The pirogue started to slow down and then, right before my eyes, Grandpere Jack's shack began to sink into the swamp. The baby's cries grew louder. I reached over the side of the pirogue to row myself along faster, but my hand became entangled in green snakes. The shack continued to sink.

"NO!" I screamed. Deeper and deeper into the murky, muddy water it sunk, until only the galerie and the baby in the hammock remained. She had a small face, the color of a pearl. I reached out as I drew closer, but just as I could finally take hold of the hammock, the galerie sunk too.

It was then that I heard the rapping of the woodpecker, and my eyes snapped open to see the morning sunlight seeping in around the curtains to light up the pearl-colored silk canopy above my dark pine queen-size bed. As if they were blooming, all the colors in the floral wallpaper brightened under the warm illumination as well. Even though I had barely slept, I was happy to wake up to so much sunshine, especially after my nightmare.

I sat up and scrubbed my face with my palms until I had wiped the Sandman's traces out of my eyes and cheeks, and then I took a deep breath and told myself to be strong and be ready and be hopeful. I turned toward the window when I heard the voices of the grounds staff as they fanned out to clip the hedges, weed the gardens, and sweep the banana leaves off the pool patio and tennis courts. My stepmother, Daphne, insisted that they always make the grounds and buildings look as if nothing had happened the night before, no matter how gusty the wind or hard the rain.

The night before I had chosen and laid out my clothing for traveling to our new school. Expecting my stepmother would scrutinize how I was dressed, I chose one of my longer skirts and matching blouses. Gisselle finally relented and permitted me to set out her things as well, although she went to sleep vowing never to get up. I could still hear her threats and vows echoing in my ears.

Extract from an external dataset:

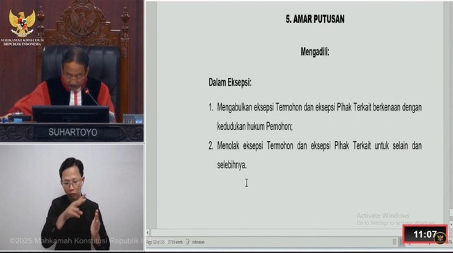 "Satu, mengabulkan eksepsi termohon dan eksepsi pihak terkait berkenaan dengan kedudukan hukum pemohon. Dua, menolak eksepsi termohon dan eksepsi pihak terkait untuk selain dan selebihnya. Dalam pokok permohonan, permohonan pemohon tidak dapat diterima," pungkas Suhartoyo diiringi ketukan palu.

"I'd rather die in this bed," she whined, "then make this dreadful trip to Greenwood tomorrow. Whatever you choose for me will be what I will wear when I take my last breath. And it will be all your fault, too!" she declared, falling back histrionically in her bed.

No matter how long I might have lived with my twin sister, I never got used to how unlike we were despite our virtually duplicated faces and figures, eye and hair color. And it isn't only because of the differences in our upbringing, either. I am sure that even in our mother's womb we didn't get along.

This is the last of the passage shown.